"""

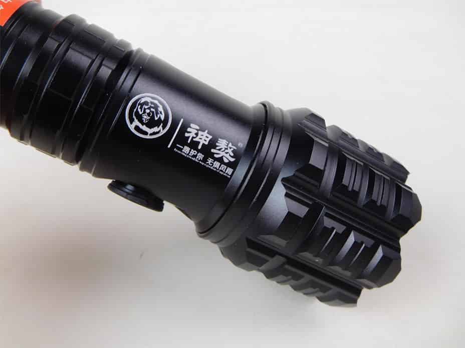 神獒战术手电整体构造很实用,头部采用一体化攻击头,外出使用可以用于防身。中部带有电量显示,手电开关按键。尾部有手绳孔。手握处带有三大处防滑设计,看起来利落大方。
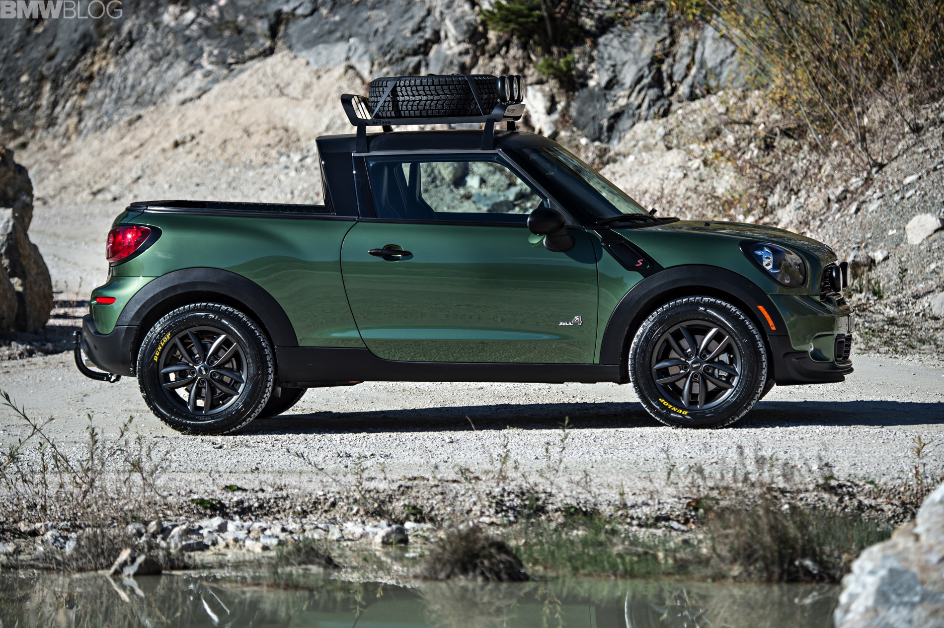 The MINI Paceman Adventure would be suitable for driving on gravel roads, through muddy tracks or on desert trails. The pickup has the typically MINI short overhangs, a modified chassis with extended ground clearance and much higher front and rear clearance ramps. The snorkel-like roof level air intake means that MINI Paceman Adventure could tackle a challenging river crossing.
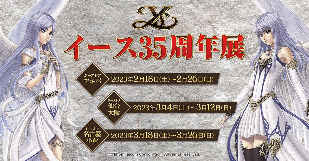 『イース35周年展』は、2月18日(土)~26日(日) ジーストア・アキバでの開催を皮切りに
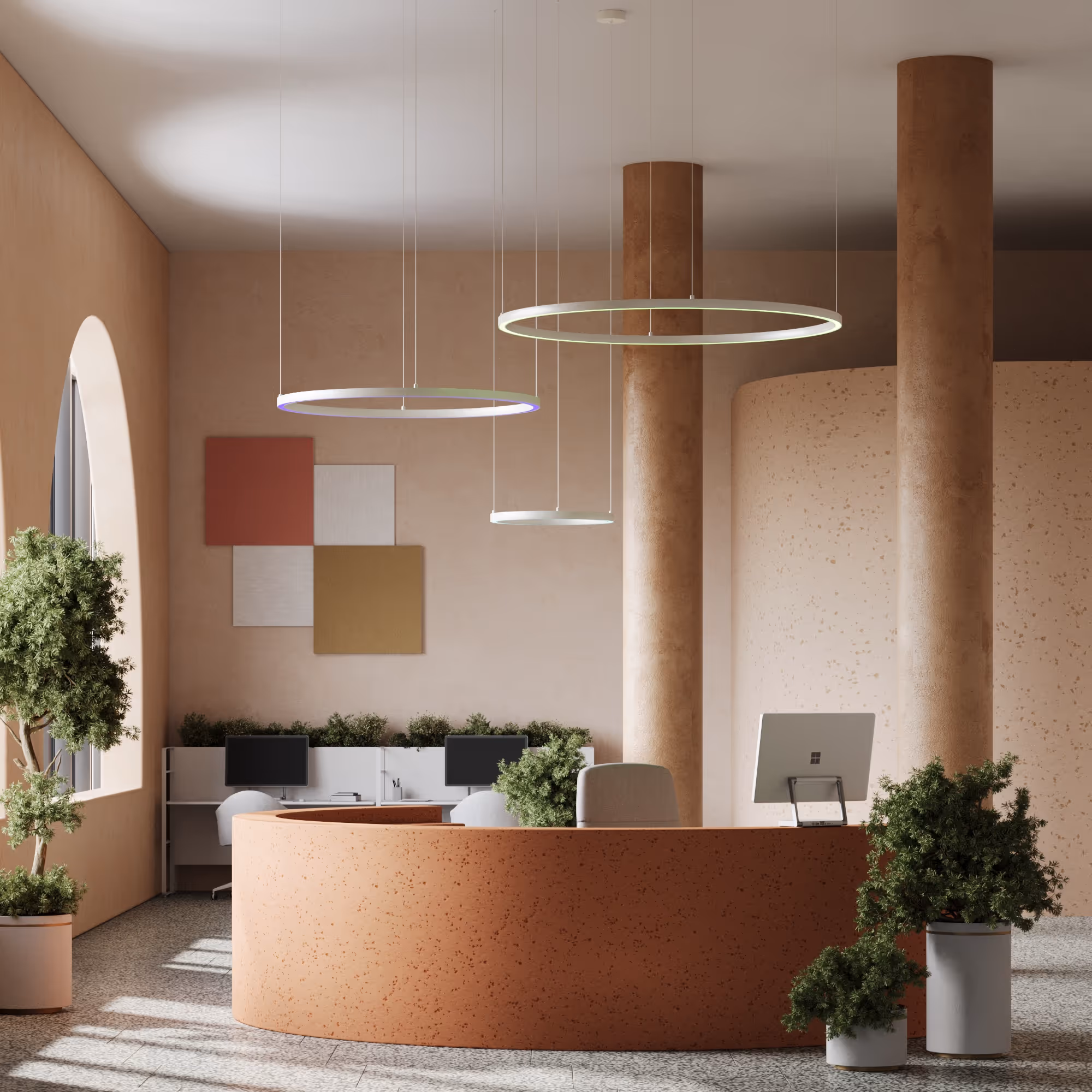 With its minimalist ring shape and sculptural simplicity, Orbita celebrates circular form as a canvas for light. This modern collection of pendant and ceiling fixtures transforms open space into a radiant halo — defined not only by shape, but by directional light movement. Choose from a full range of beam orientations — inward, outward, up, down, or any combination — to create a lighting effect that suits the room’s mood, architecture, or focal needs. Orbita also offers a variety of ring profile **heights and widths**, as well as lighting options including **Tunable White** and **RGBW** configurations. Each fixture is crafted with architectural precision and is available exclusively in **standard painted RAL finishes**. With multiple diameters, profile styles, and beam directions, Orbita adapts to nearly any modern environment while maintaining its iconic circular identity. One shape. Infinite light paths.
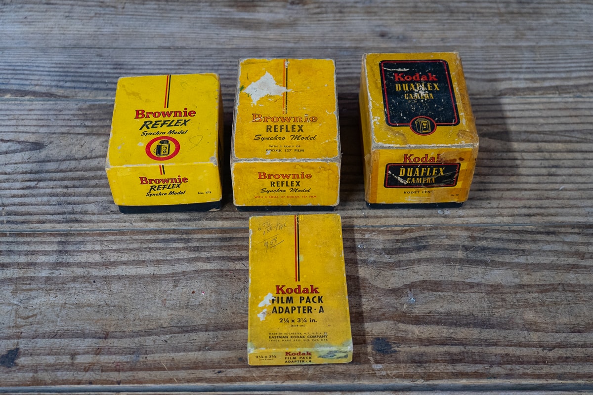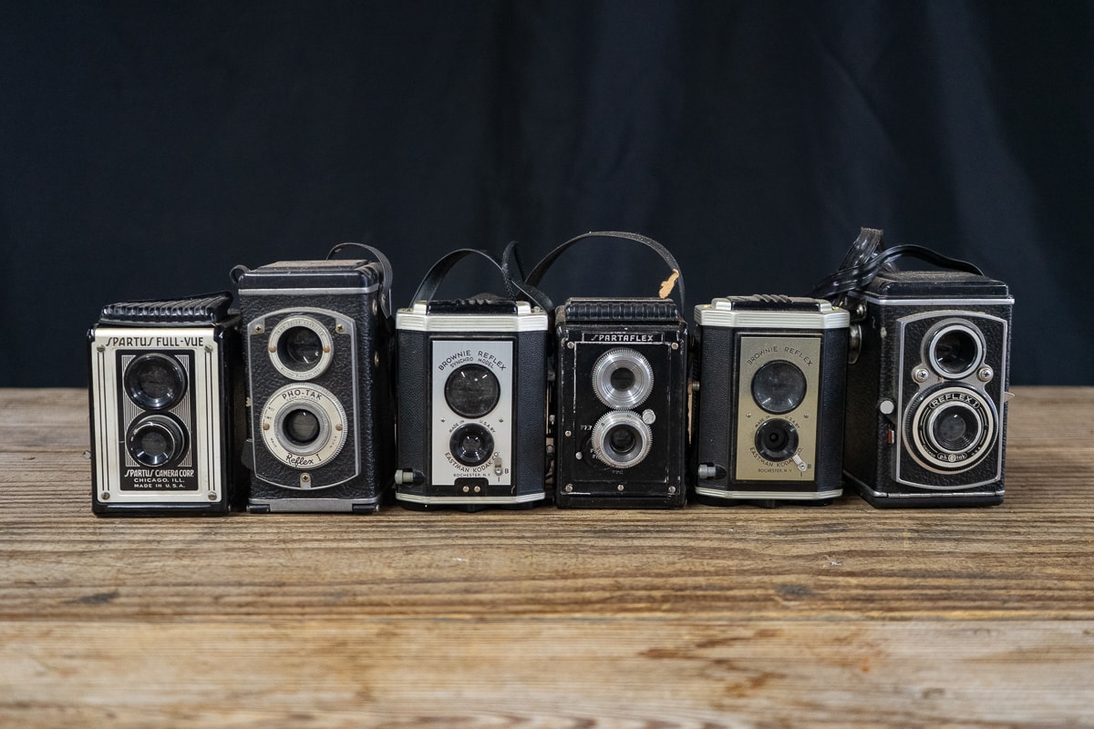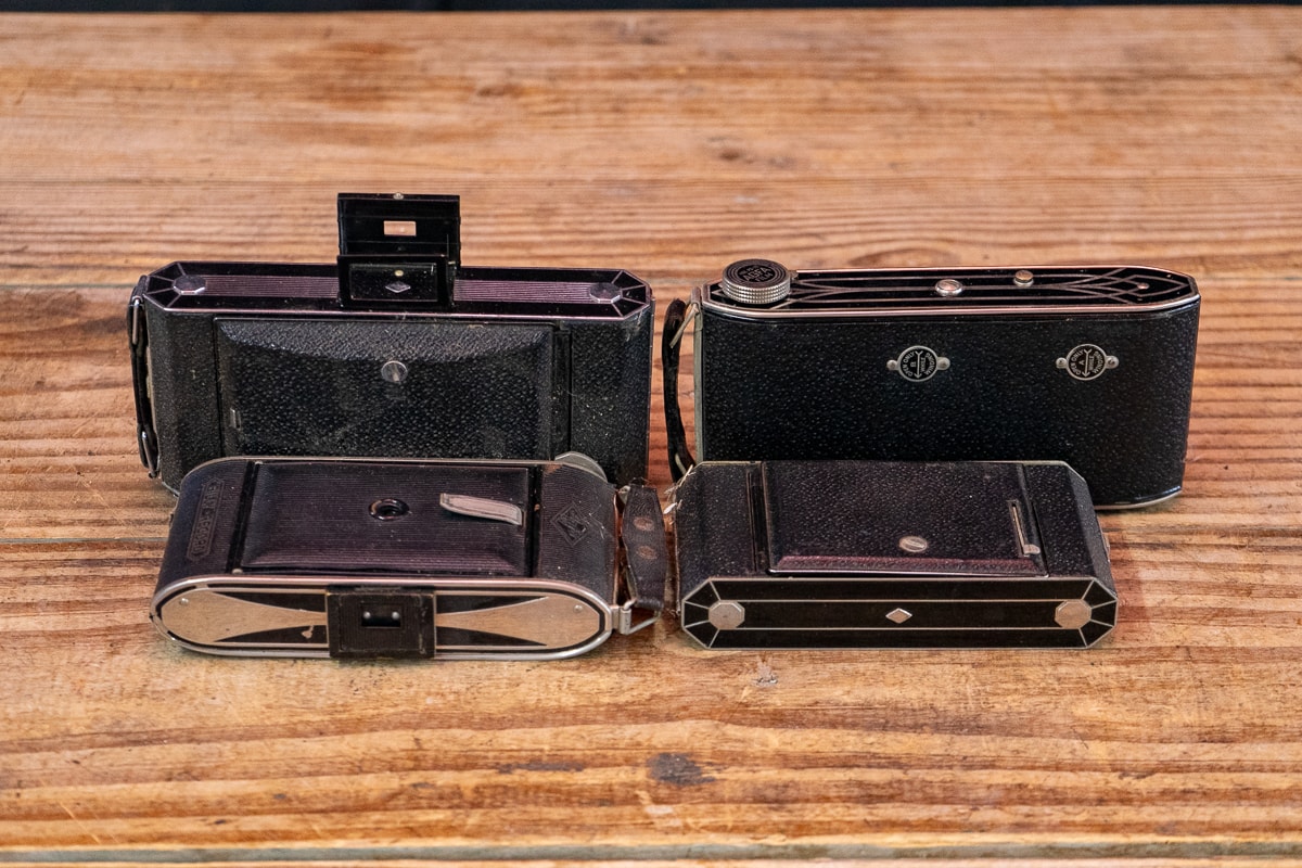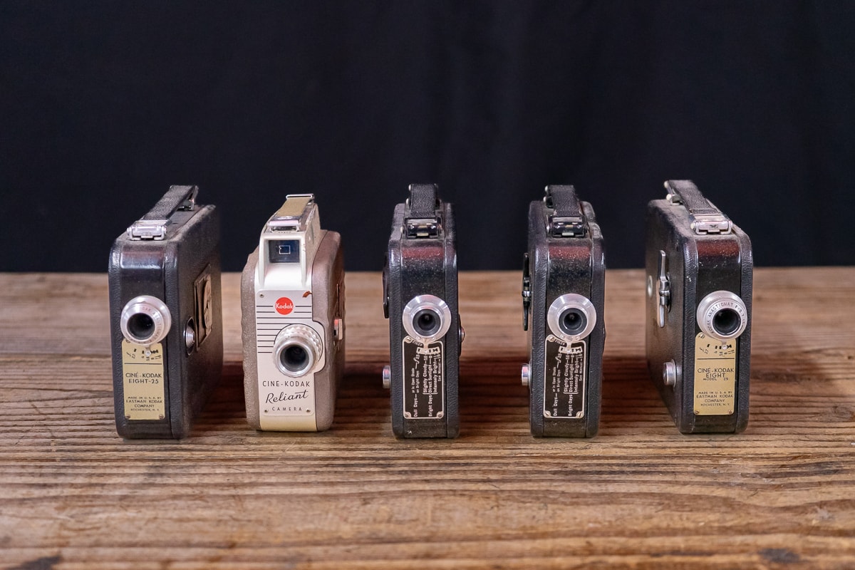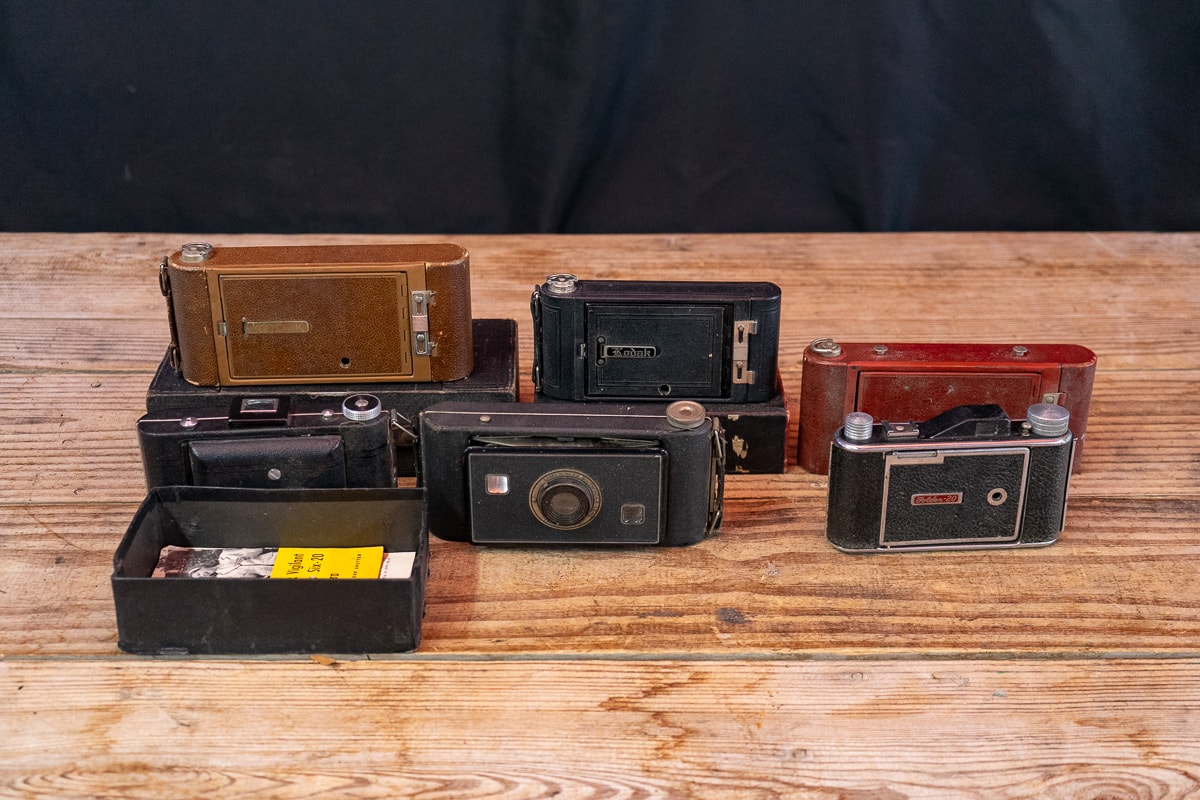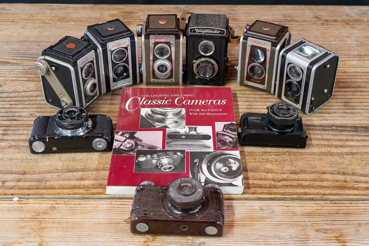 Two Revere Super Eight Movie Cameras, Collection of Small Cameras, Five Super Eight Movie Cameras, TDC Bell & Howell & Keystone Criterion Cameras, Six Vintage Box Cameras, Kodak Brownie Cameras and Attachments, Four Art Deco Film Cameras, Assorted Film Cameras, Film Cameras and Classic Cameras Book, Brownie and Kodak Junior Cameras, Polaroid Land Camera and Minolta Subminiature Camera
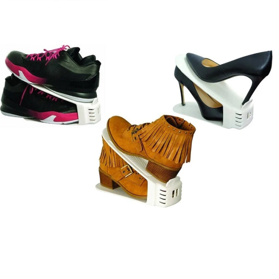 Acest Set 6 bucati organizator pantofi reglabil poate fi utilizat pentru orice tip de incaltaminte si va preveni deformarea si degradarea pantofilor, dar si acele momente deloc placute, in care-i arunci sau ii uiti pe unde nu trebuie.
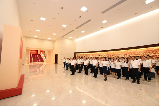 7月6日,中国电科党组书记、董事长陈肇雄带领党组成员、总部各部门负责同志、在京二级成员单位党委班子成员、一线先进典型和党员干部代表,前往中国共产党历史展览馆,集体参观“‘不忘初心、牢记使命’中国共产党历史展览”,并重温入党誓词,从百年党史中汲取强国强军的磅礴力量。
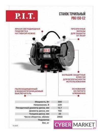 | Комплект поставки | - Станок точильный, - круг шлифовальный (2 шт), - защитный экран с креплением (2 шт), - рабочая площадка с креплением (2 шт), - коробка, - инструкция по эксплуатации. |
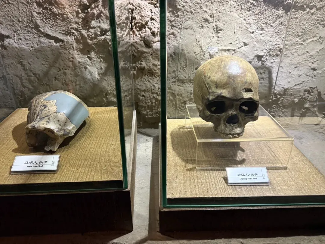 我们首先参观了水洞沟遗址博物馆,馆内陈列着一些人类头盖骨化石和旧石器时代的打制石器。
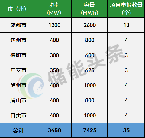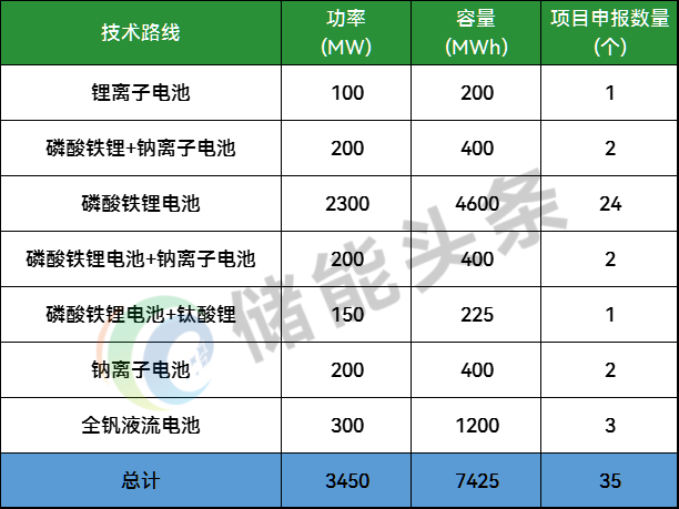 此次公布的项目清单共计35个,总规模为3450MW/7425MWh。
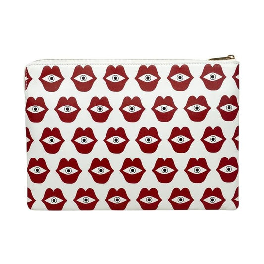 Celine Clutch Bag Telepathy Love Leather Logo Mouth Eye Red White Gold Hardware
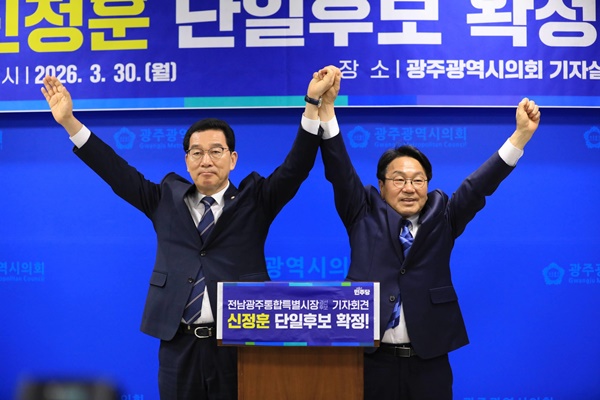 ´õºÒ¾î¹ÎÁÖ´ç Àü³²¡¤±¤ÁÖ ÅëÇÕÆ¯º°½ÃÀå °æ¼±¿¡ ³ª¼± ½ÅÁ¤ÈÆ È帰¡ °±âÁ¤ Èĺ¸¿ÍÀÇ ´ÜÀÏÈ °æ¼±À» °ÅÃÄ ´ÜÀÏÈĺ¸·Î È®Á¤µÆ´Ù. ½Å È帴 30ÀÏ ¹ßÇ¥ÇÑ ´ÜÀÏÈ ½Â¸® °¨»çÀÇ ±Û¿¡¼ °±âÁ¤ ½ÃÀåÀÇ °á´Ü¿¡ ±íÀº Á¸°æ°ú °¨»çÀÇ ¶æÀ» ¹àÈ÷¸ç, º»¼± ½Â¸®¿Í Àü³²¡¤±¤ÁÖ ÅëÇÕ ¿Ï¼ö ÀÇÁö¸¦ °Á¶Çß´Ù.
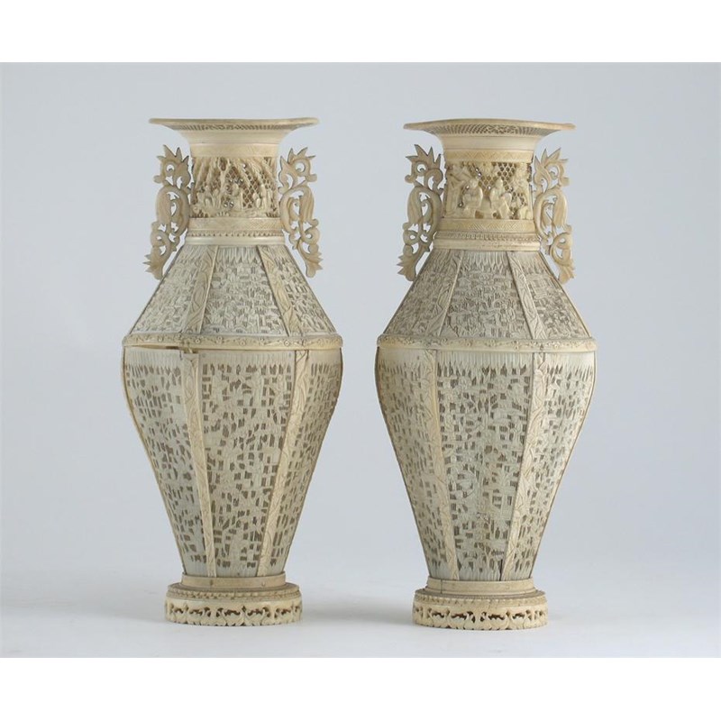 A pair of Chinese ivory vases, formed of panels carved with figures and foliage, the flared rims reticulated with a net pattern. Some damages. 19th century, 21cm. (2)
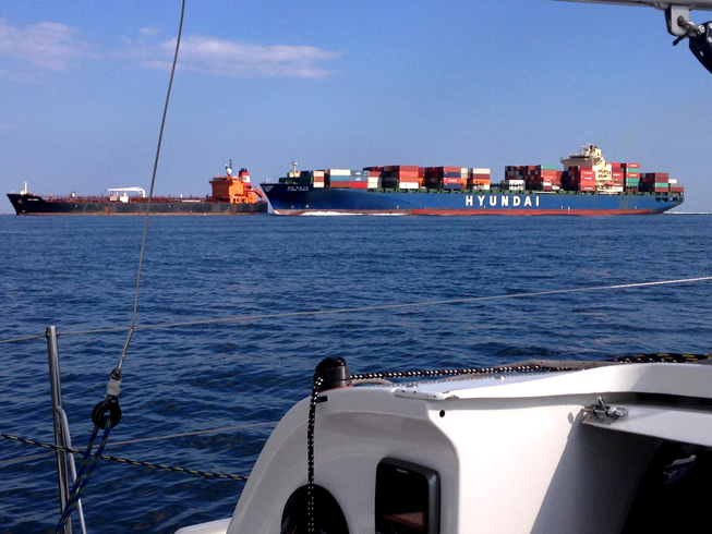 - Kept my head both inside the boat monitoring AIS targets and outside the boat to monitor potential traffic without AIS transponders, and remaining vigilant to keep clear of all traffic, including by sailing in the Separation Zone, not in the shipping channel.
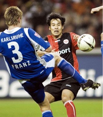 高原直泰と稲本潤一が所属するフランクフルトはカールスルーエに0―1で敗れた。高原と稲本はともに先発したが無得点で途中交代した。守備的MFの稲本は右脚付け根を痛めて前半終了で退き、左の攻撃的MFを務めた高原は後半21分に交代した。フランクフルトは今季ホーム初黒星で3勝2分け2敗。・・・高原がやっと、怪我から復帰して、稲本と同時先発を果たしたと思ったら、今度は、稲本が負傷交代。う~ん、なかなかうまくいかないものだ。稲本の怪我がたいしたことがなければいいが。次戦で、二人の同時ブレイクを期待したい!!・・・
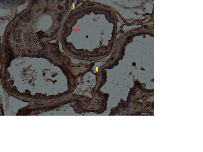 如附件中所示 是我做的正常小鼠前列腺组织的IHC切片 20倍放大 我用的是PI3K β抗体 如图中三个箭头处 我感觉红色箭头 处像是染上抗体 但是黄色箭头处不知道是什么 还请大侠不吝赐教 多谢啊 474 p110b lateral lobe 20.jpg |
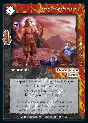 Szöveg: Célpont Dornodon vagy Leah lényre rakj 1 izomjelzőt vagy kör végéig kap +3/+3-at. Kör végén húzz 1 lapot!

"""

Produce an exact copy of only those lines that run from the line with "我们首先参观了水洞沟遗址博物" to the final line of the records, including both; exclude images.

 我们首先参观了水洞沟遗址博物馆,馆内陈列着一些人类头盖骨化石和旧石器时代的打制石器。
 此次公布的项目清单共计35个,总规模为3450MW/7425MWh。
 Celine Clutch Bag Telepathy Love Leather Logo Mouth Eye Red White Gold Hardware
 ´õºÒ¾î¹ÎÁÖ´ç Àü³²¡¤±¤ÁÖ ÅëÇÕÆ¯º°½ÃÀå °æ¼±¿¡ ³ª¼± ½ÅÁ¤ÈÆ È帰¡ °±âÁ¤ Èĺ¸¿ÍÀÇ ´ÜÀÏÈ °æ¼±À» °ÅÃÄ ´ÜÀÏÈĺ¸·Î È®Á¤µÆ´Ù. ½Å È帴 30ÀÏ ¹ßÇ¥ÇÑ ´ÜÀÏÈ ½Â¸® °¨»çÀÇ ±Û¿¡¼ °±âÁ¤ ½ÃÀåÀÇ °á´Ü¿¡ ±íÀº Á¸°æ°ú °¨»çÀÇ ¶æÀ» ¹àÈ÷¸ç, º»¼± ½Â¸®¿Í Àü³²¡¤±¤ÁÖ ÅëÇÕ ¿Ï¼ö ÀÇÁö¸¦ °Á¶Çß´Ù.
 A pair of Chinese ivory vases, formed of panels carved with figures and foliage, the flared rims reticulated with a net pattern. Some damages. 19th century, 21cm. (2)
 - Kept my head both inside the boat monitoring AIS targets and outside the boat to monitor potential traffic without AIS transponders, and remaining vigilant to keep clear of all traffic, including by sailing in the Separation Zone, not in the shipping channel.
 高原直泰と稲本潤一が所属するフランクフルトはカールスルーエに0―1で敗れた。高原と稲本はともに先発したが無得点で途中交代した。守備的MFの稲本は右脚付け根を痛めて前半終了で退き、左の攻撃的MFを務めた高原は後半21分に交代した。フランクフルトは今季ホーム初黒星で3勝2分け2敗。・・・高原がやっと、怪我から復帰して、稲本と同時先発を果たしたと思ったら、今度は、稲本が負傷交代。う~ん、なかなかうまくいかないものだ。稲本の怪我がたいしたことがなければいいが。次戦で、二人の同時ブレイクを期待したい!!・・・
 如附件中所示 是我做的正常小鼠前列腺组织的IHC切片 20倍放大 我用的是PI3K β抗体 如图中三个箭头处 我感觉红色箭头 处像是染上抗体 但是黄色箭头处不知道是什么 还请大侠不吝赐教 多谢啊 474 p110b lateral lobe 20.jpg |
 Szöveg: Célpont Dornodon vagy Leah lényre rakj 1 izomjelzőt vagy kör végéig kap +3/+3-at. Kör végén húzz 1 lapot!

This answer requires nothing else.